In this section, we briefly discuss some methods to improve the speed of the system. The work described is preliminary, and is not intended to be an exhaustive exploration of methods to optimize the execution time.
The dominant factor in the running time of the system described thus far is the number of 20x20 pixel windows which the neural networks must process. Applying two networks to a 320x240 pixel image (193737 windows) on a Sparc 20 takes approximately 590 seconds. The computational cost of the arbitration steps is negligible in comparison, taking less than one second to combine the results of the two networks over all positions in the image.
Recall that the amount of position invariance in the pattern recognition component of our system determines how many windows must be processed. In the related task of license plate detection, [8] decreased the number of windows that must be processed. The key idea was to have the neural-network be invariant to translations of about 25% of the size of a license plate. Instead of a single number indicating the existence of a face in the window, the output of Umezaki's network is an image with a peak indicating where the network believes a license plate is located. These outputs are accumulated over the entire image, and peaks are extracted to give candidate locations for license plates.
The same idea can be applied to face detection. The original detector was trained to detect a 20x20 face centered in a 20x20 window. We can make the detector more flexible by allowing the same 20x20 face to be off-center by up to 5 pixels in any direction. To make sure the network can still see the whole face, the window size is increased to 30x30 pixels. Thus the center of the face will fall within a 10x10 pixel region at the center of the window. As before, the network has a single output, indicating the presence or absence of a face. This detector can be moved in steps of 10 pixels across the image, and still detect all faces that might be present. The network is trained using the bootstrap procedure described earlier. This first scanning step is illustrated in Figure 14, which shows the input image pyramid, and the 10x10 pixel regions which are classified as containing the centers of faces. An architecture with an image output was also tried. It yielded about the same detection accuracy, but at the expense of more computation.
Figure 14:
Illustration of the steps in the fast version of the face detector.
On the left is the input image pyramid, which is scanned with a 30x30
detector which moves in steps of 10 pixels. The center of the figure
shows the 10x10 pixel regions (at the center of the 30x30 detection
windows) which the detector believes contain the center of a face.
These candidates are then verified by the detectors described earlier
in the paper, and the final results are shown on the right.
As can be seen from the figure, this network has many more false detections than the detectors described earlier. To improve the accuracy, we treat each detection by the 30x30 detector as a candidate face, and use the 20x20 detectors described earlier to verify it. Since the candidate faces are not precisely located, the center of the verification network's 20x20 window must be scanned over the 10x10 pixel region potentially containing the center of the face. Simple arbitration strategies, such as ANDing, can be used to combine the outputs of two verification networks. The heuristic that faces rarely overlap can also be used to reduce computation, by first scanning the image for large faces, and at smaller scales not processing locations which overlap with any detections found so far. The results of these verification steps are illustrated on the right side of Figure 14.

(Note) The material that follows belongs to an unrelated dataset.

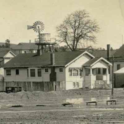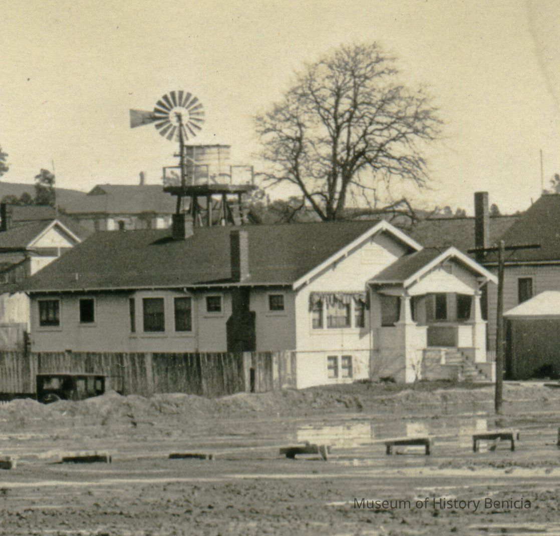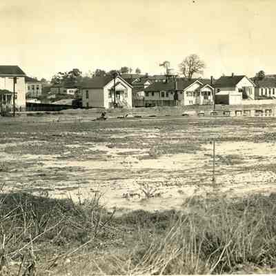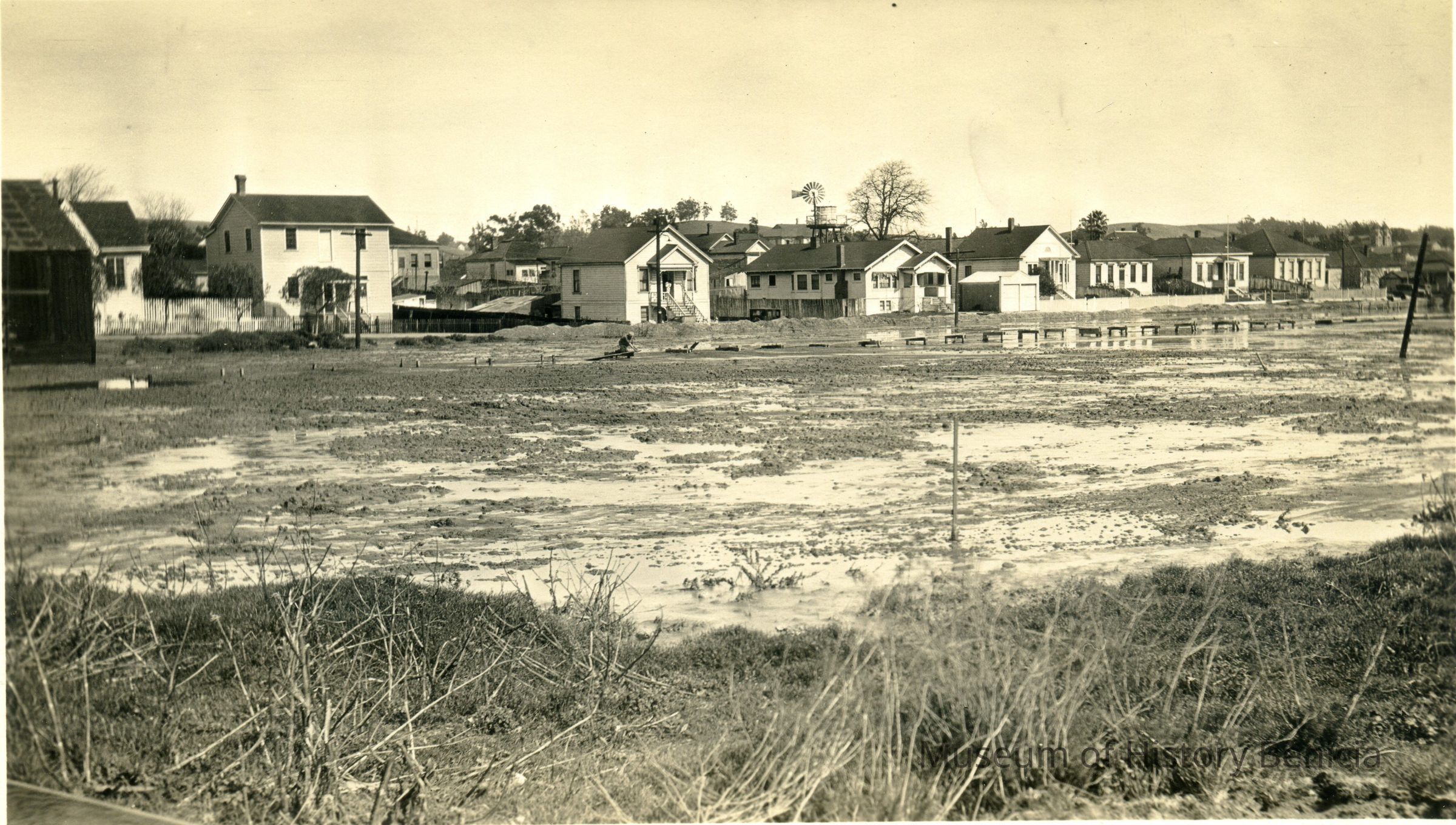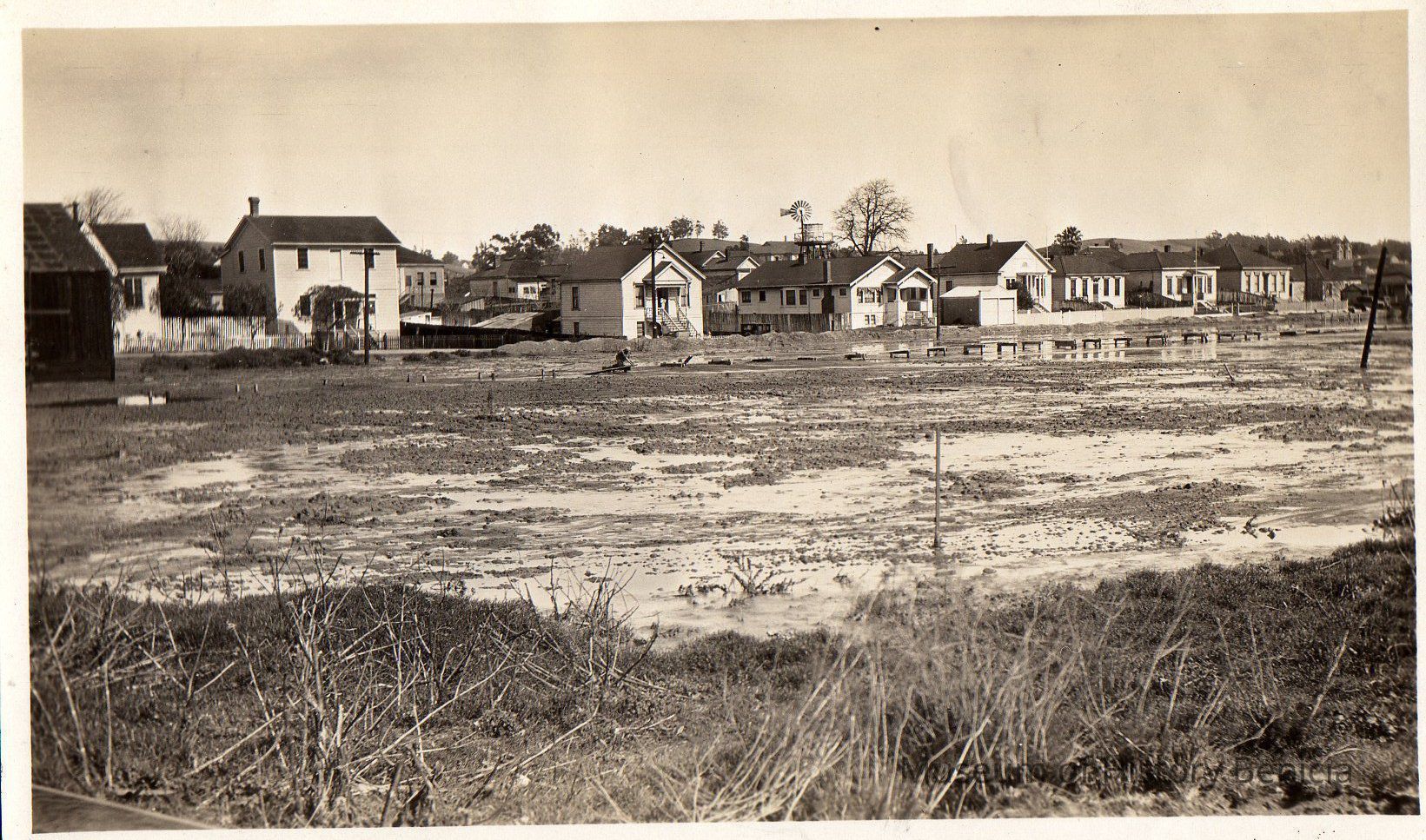 Marshy area in foreground, houses in background. On back: "Johnson ?" and "Reclamation 1929 of the tule area". Houses in background are on East F Street. Black and white photo.Collection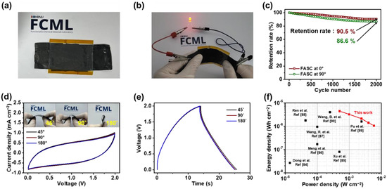 Digital photograph of (a) C-MnO2/PLA//C-Fe3O4/PLA FASC device, and (b) FASC device lightning LED. (c) Long-term cycling test of the FASC device at bending angles of 0 and 90° with the application of current density of 4 mA cm−2. (d) CV and (e) GCD curves of the FASC device at bending angles of 45, 90, and 180°. (f) Ragone plot of the FASC device compared to various flexible supercapacitor devices.

With these modifications, the processing time for a typical 320x240 image is about 24 seconds on a Sparc 20. To examine the effect of these changes on the accuracy of the system, it was applied to the three test sets used in the previous section. The results are listed as System 17 in Tables 1 and 2. As can be seen, this system has false detection rates comparable to the most conservative of the other systems, System 10, with detection rates about 4% lower than that system. For applications where near real-time performance is required to process a sequence of images, this is an acceptable degradation; even if a face is missed in one image, it will often be detected in the next image in the sequence.
Further performance improvements can be made if one is analyzing many pictures taken by a stationary camera. By taking a picture of the background scene, one can determine which portions of the picture have changed in a newly acquired image, and analyze only those portions of the image. These techniques, taken together, have proved useful in building an almost real-time version of the system suitable for demonstration purposes.